> _What the task asks_
When the line with "Store Interior 2" turns up below, begin repeating exactly, and carry on through the line with "The Anzac display"; no pictures go into the copy.

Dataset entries
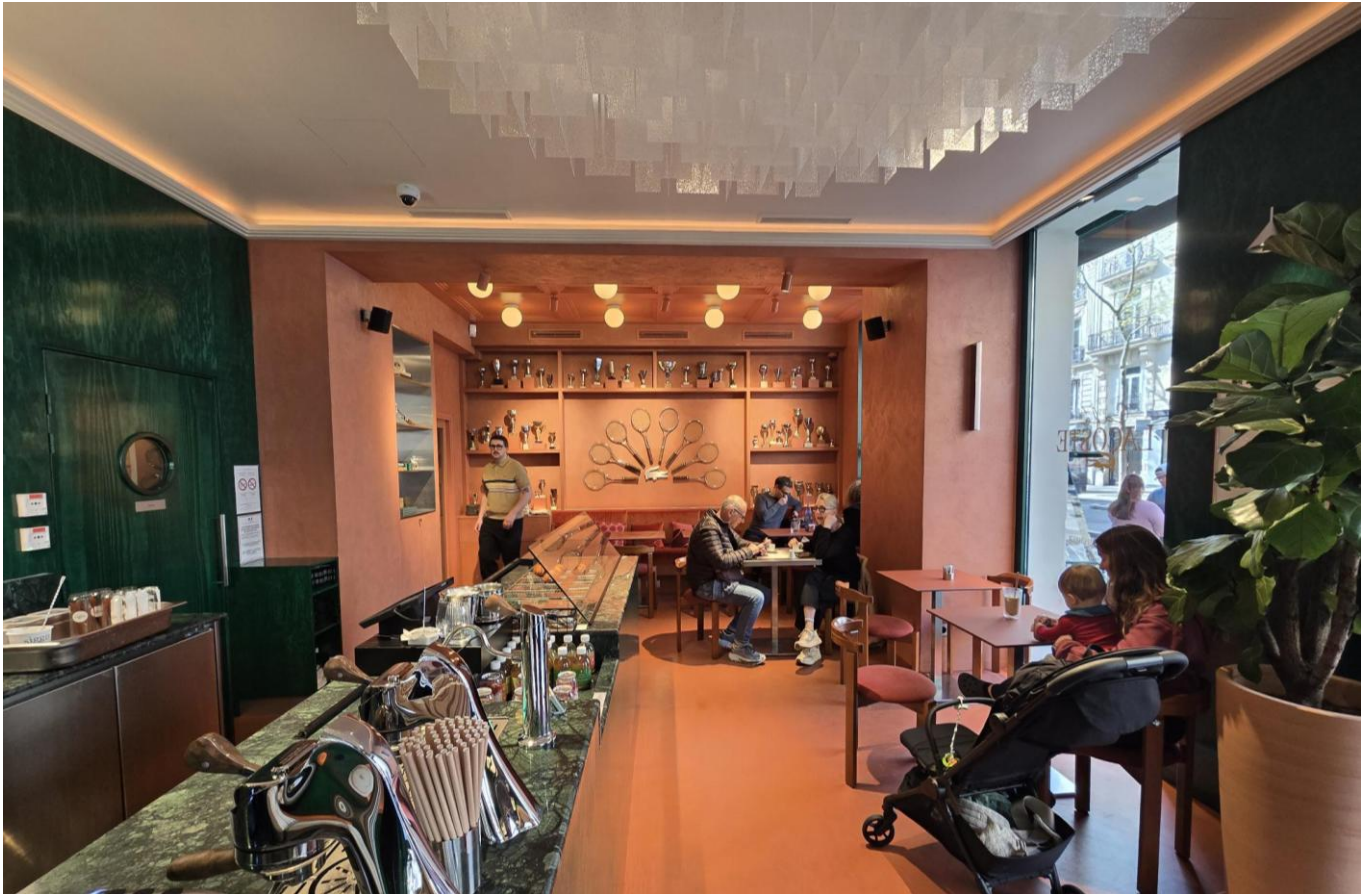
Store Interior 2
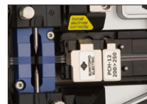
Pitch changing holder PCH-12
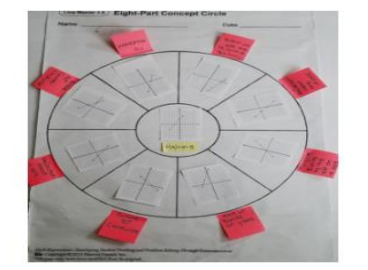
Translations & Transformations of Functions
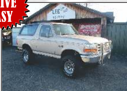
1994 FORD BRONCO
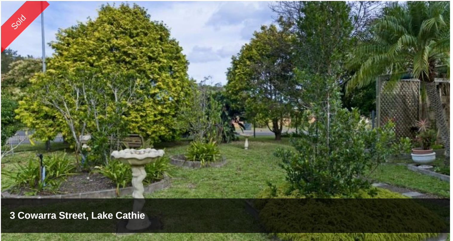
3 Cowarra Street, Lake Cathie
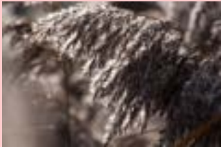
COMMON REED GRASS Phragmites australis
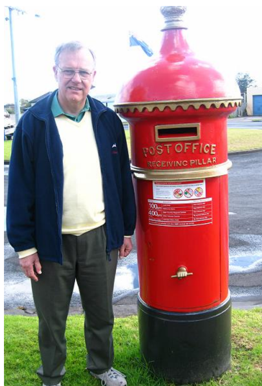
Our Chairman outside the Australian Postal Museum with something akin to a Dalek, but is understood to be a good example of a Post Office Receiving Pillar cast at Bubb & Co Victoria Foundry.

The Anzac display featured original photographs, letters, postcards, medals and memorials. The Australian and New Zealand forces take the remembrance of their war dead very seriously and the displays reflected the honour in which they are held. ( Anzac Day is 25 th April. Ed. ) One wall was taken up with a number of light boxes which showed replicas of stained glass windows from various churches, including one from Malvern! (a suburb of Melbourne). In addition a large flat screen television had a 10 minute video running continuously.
---
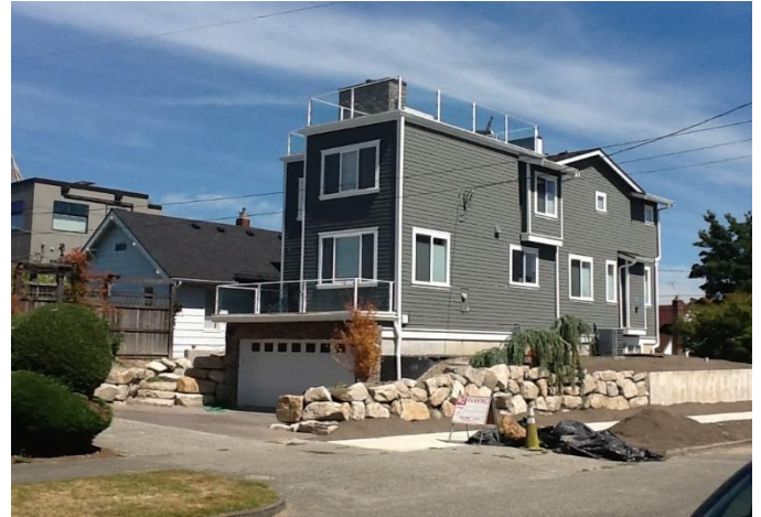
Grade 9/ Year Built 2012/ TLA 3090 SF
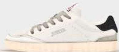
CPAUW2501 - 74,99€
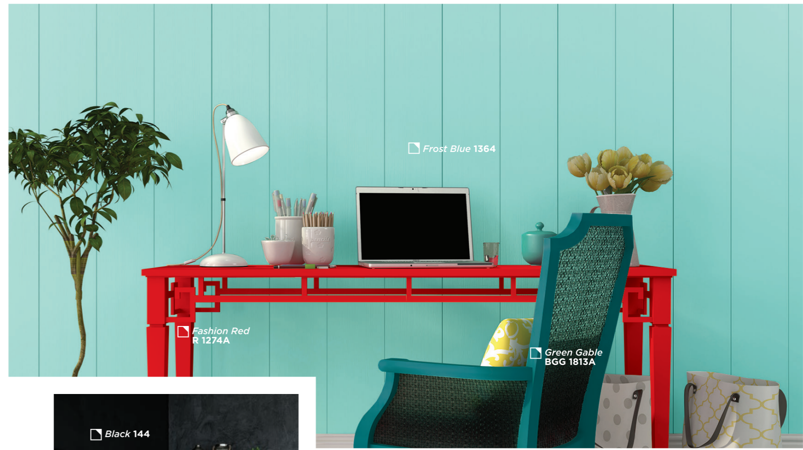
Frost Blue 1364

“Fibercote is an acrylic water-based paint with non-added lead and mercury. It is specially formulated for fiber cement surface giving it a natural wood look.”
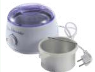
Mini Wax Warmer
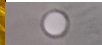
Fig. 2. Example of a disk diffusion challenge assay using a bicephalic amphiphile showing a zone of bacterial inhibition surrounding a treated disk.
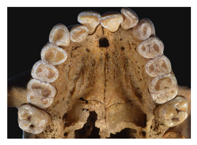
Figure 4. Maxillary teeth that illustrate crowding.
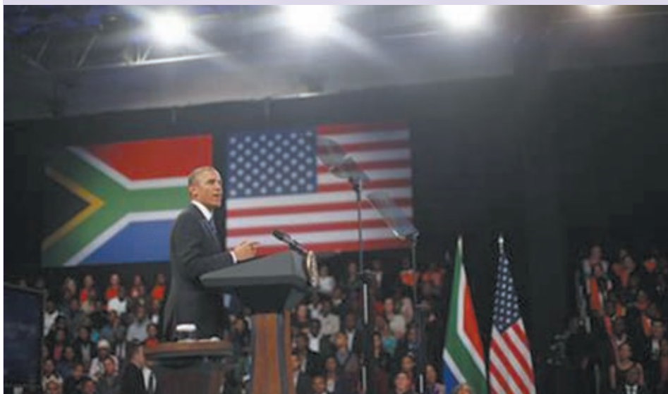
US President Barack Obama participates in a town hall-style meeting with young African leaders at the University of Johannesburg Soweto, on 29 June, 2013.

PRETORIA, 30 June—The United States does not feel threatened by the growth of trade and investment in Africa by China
---
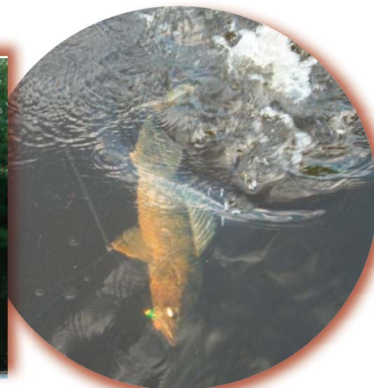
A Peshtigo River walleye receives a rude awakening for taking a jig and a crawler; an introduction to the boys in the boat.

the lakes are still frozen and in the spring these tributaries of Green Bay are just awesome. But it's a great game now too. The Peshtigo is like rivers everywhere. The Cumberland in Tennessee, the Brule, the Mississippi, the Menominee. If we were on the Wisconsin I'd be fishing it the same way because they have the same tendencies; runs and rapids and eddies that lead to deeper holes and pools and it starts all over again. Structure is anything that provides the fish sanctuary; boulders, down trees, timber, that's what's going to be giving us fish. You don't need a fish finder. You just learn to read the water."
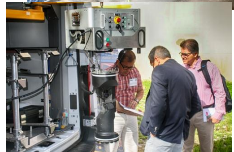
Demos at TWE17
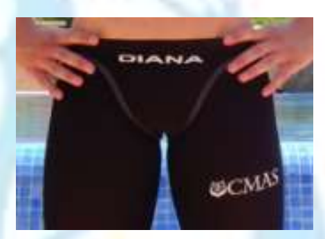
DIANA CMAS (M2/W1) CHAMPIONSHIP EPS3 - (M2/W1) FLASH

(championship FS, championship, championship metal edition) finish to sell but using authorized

> _Output for this exercise_
Store Interior 2
Pitch changing holder PCH-12
Translations & Transformations of Functions
1994 FORD BRONCO
3 Cowarra Street, Lake Cathie
COMMON REED GRASS Phragmites australis
Our Chairman outside the Australian Postal Museum with something akin to a Dalek, but is understood to be a good example of a Post Office Receiving Pillar cast at Bubb & Co Victoria Foundry.

The Anzac display featured original photographs, letters, postcards, medals and memorials. The Australian and New Zealand forces take the remembrance of their war dead very seriously and the displays reflected the honour in which they are held. ( Anzac Day is 25 th April. Ed. ) One wall was taken up with a number of light boxes which showed replicas of stained glass windows from various churches, including one from Malvern! (a suburb of Melbourne). In addition a large flat screen television had a 10 minute video running continuously.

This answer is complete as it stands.